4.3. Connected Component Analysis 

This step is an additional noise removal algorithm. Connected component labeling is used to detect 
unconnected regions. It is an iterative process that groups neighboring elements into classes based on a 
distance threshold. A point belongs to a specific class if and only if it is closer within the distance 
threshold to another point belonging to that same class. After the noise removal, the hand segment 
appears to be the biggest one in the dataset. An example of the results from and connected component 
analysis is provided in (Figure 6). 

Figure 6. Remaining noise removal. Before using the connected component analysis (a); 
after using the connected component analysis (b). 



The segmentation process made of the range segmentation, noise removal, and the connected 
component analysis operations is only applied on the very first image acquired. For the subsequent 
images acquired, only the noise removal steps are applied. In a real-time application, the segmentation 
is made only of noise removal from the region of interest obtained from the tracking process. 

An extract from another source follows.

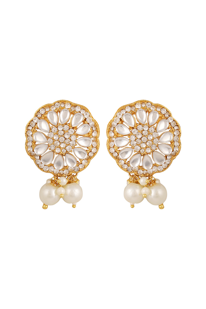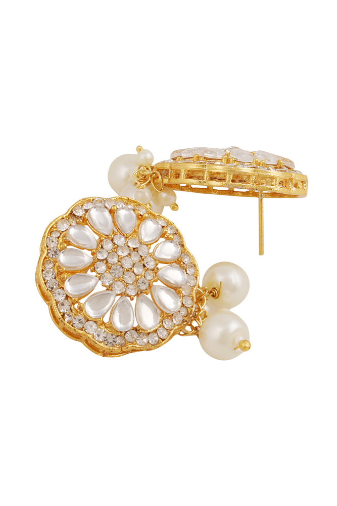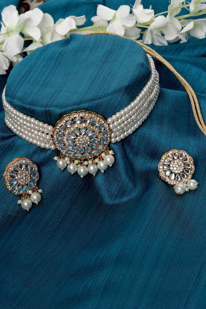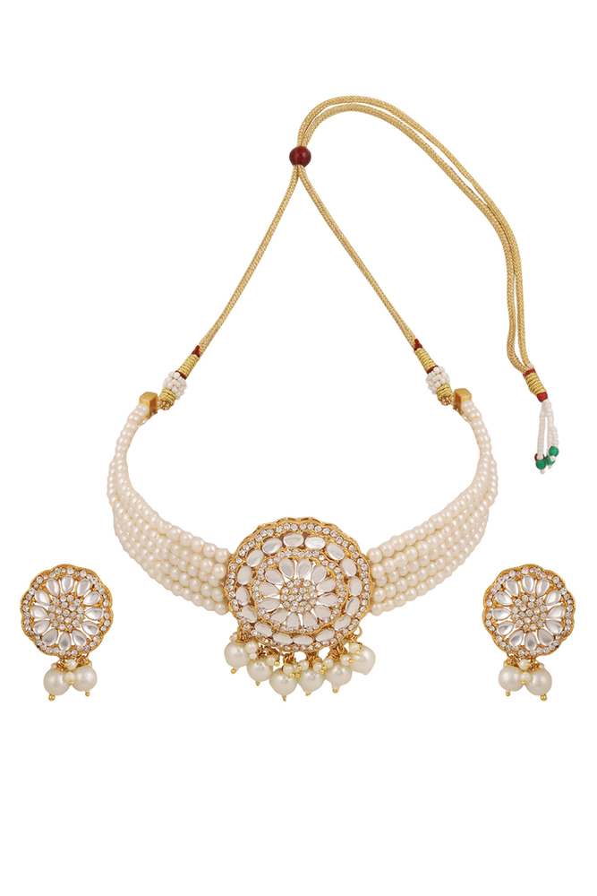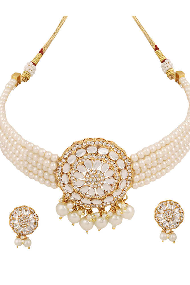 It is a Pearl Chokar Earring set, made with Round pendent and handmade with Pearls and Kundan. Golden Brass Used in this product. All product from SIONA skin friendly and lightweight as well adjustable sizes.

Every image acquired contains 25,344 3D points while every region of interest contains less than 
3,000 points and in 90% of the cases, around 1,500 points. The segmentation process applied on every 
single image is time consuming. Indeed, the segmentation time of a dataset of 12,000 images has been 
reported on Table 1 . The time of the different steps of the segmentation has been recorded in second. 
The computation has been performed using Microsoft Visual Studio and the time has been measured 
with the function clock. Table 1 shows that on average 3 s are required for an independent 
segmentation. As a consequence, a real-time processing cannot be achieved by segmenting 
systematically each time the whole image. Tracking the hand movement is therefore necessary. 




(a) 



(b)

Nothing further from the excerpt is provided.